DETAILED DESCRIPTION OF THE INVENTION [Field of Industrial Application] The present invention relates to a test device used to measure withstand voltage characteristics, partial discharge characteristics, jan δ, etc., which are important for performance evaluation of power cables. Prior Art] Conventionally, a withstand voltage test, an internal partial discharge test, and a tan δ determination have been carried out in the development test or shipping test of power cables. In particular, for solid insulated cables such as cross-linked polyethylene insulated cables, internal partial discharge tests are conducted to check for defects inside the insulator (voids, foreign objects, etc.) and defects at the insulator-semiconductor layer interface (protrusions, peeling, etc.). The tan 6 measurement, which mainly reflects the properties of the materials used for insulators and semiconducting layers, is an important test item. Of course, for oil immersion (○F) cables and pipeline aerial cables, we inspect not only the main insulating parts such as oil, SF & gas, but also the composite insulating parts such as connections and insulating supports for defects. But these tests are important.

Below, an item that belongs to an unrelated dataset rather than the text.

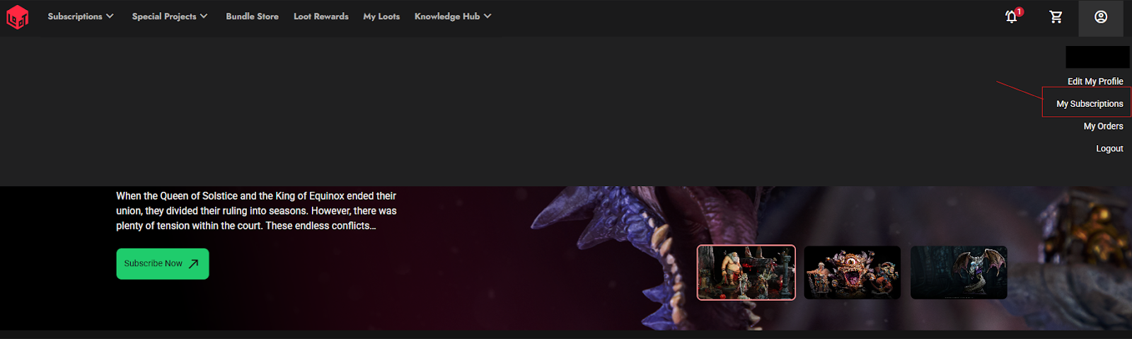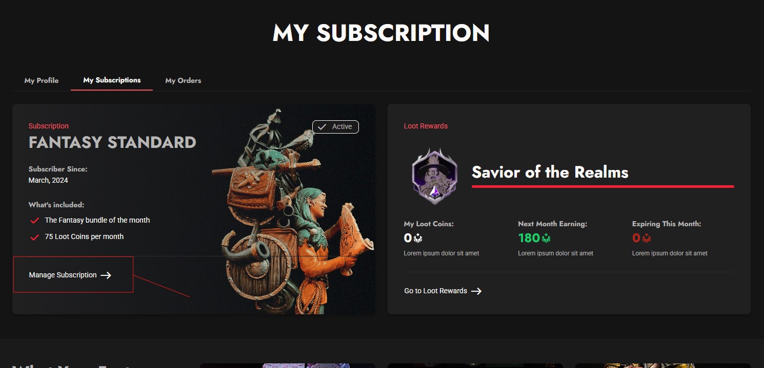 - Acesse a página "My Subscription" no seu perfil, disponível no canto superior direito do nosso App:

Traditionally, one of the methods for conducting internal partial discharge tests is
One method involves inserting an inductance called a blocking coil between the voltage application end of the cable and the test transformer, and comparing the signal from the standard capacitor with the pulsed signal from the test cable. In this case, the advancing coil is installed in order to suppress discharge noise generated on the air side of the external wiring section, the test transformer, and the like. Furthermore, since discharge (corona) from the air becomes external noise and causes measurement errors when measuring tan δ, the countermeasure using a pronging coil is also effective in this case. On the other hand, standard capacitors are installed to ensure that no internal partial discharge occurs in the system before testing the cable.
By comparing the signal from the standard capacitor and the signal from the cable under test, it is possible to distinguish between noise and the partial discharge signal, and it becomes possible to clearly understand the partial discharge signal from the cable under test.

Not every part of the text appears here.